As I may have mentioned, I'm not Italian, and unfortunately did not get to meet my in-laws. 

When I present him with the store bought variety, I get, "they're okay I guess". 

So with that said I am now hunting for this elusive recipe. 

I've asked my sister-in-law (the one who cooks, the rest of them don't know how to boil water), and she said the same, her husband wants her to make "those peppers" too. 

Right now in our area the red peppers are abundant, not to mention cheap, and I really want to take advantage of this opportunity.

I have never canned before, but having read the books and internet, I'm confident (I think) in my novice abilities, it's just that darned recipe!! 

Could anyone help me?


----------



## panini

Kaneohe,

   I'm just want to jump in let you know you might be setting yourself up for failure.
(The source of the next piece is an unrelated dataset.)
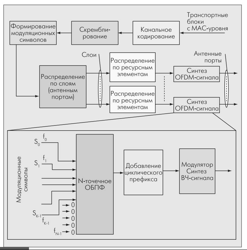 Формирование сигнала в нисходящем канале достаточно стандартно для современных систем цифровой передачи информации (рис.15). Оно включает процедуры канального кодирования, скремблирования, формирования модуляционных символов, их распределение по антенным портам и ресурсным элементам и синтез OFDM-символов. Канальное кодирование подразумевает вычисление контрольных сумм (CRC-24) для блоков данных, поступающих с МАС-уровня. Затем блоки с контрольными суммами обрабатываются посредством кодера со скоростью кодирования 1/3. В LTE предусмотрено применение либо сверточного кода, либо турбокода. Кодированная последовательность после перемежения (интерливинга) поступает в скремблер (для входной последовательности {x(i)} выполняется процедура вида dscr(i) = x(i) + c(i), где c(i) – определенная скремблирующая последовательность). Затем формируются комплексные модуляционные символы (QPSK, 16- и 64-QAM) и распределяются по ресурсным элементам. Далее происходит синтез OFDM-символов, их последовательность поступает в модулятор, формирующий выходной ВЧ-сигнал в заданном частотном диапазоне. На стороне приема все процедуры выполняются в обратном порядке.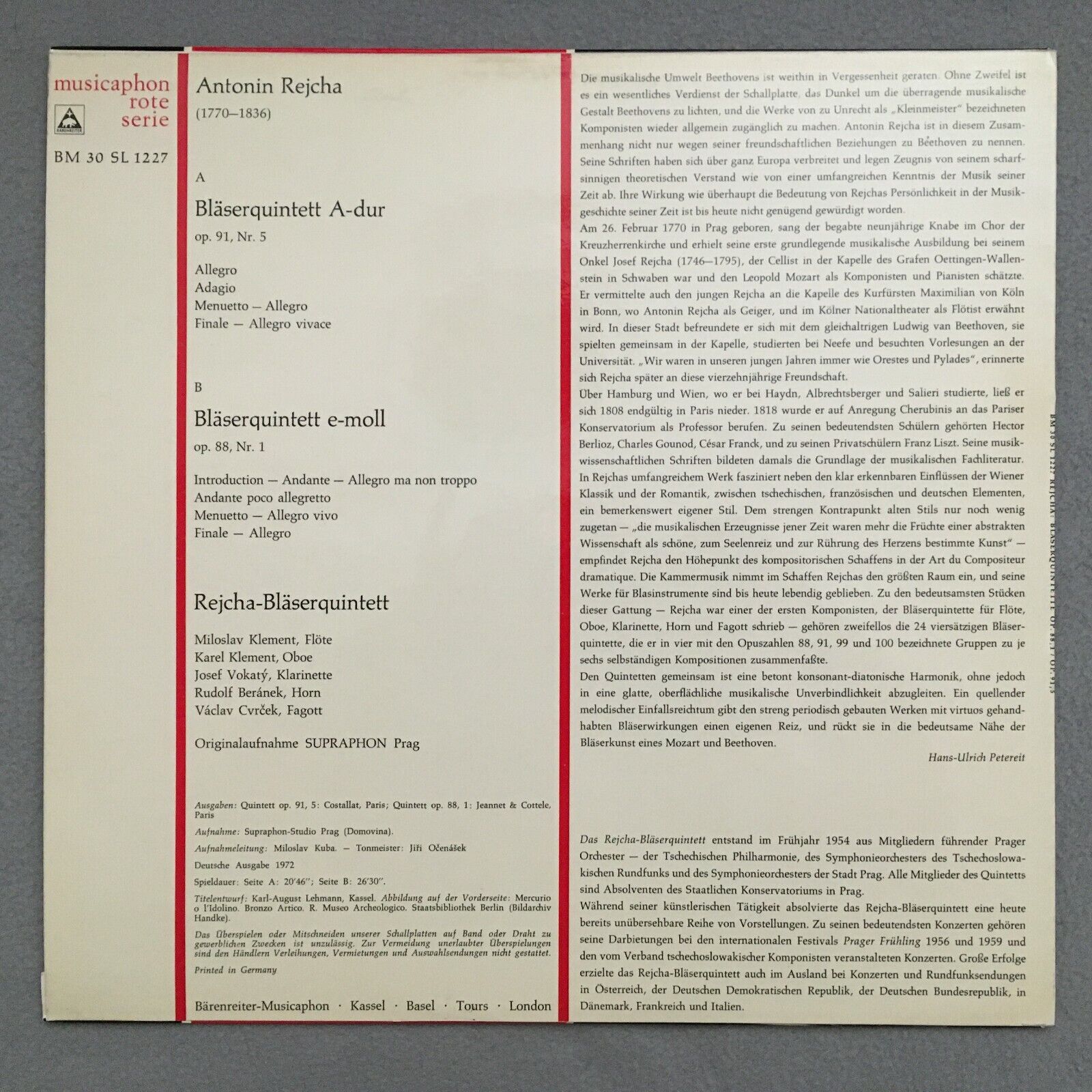 S693 Rejcha Wind Quintets Rejcha Wind Quintet Musicaphon BM 30 SL 1227 Stereo

I have my Grandmas recipes for all her

jarred veges.   Back 5 yrs. ago I tried and tried to put up peppers like hers.  I guess you can really never recreate something

you remember from the past. To many variables. Back then the veges were right from the garden, she made all our vinegars, someone always had some bootlegged olive oil.

We loved her stuffed sweet cherry peppers so much, she put them up in gallons and she still couldn't keep up. They were the size of a large golf ball, she stuffed them with bread,sausage,raisins and chopped hot pepper.

   I think I would go on line and find a good import. Buy a half dozen jars. Sweat the labels off, make you own label on the PC.

ps don't lose the site, they might like them.


----------



## kaneohegirlinaz

/img/vbsmilies/smilies/tongue.gif

Panini, you're probably right

The one time I did try it I just couldn't get it

I had his Aunt's Peppers and Eggs but not his grandma or Mom, and Auntie past not too long after we got married

...and stuffed cherry peppers? please don't even mention that one to my husband...

Many Mahalos!!


----------



## highlander01

Are you talking about a regular bell pepper or the long italian cooking peppers ... I can't remember the exact name ... cubanele or something like that?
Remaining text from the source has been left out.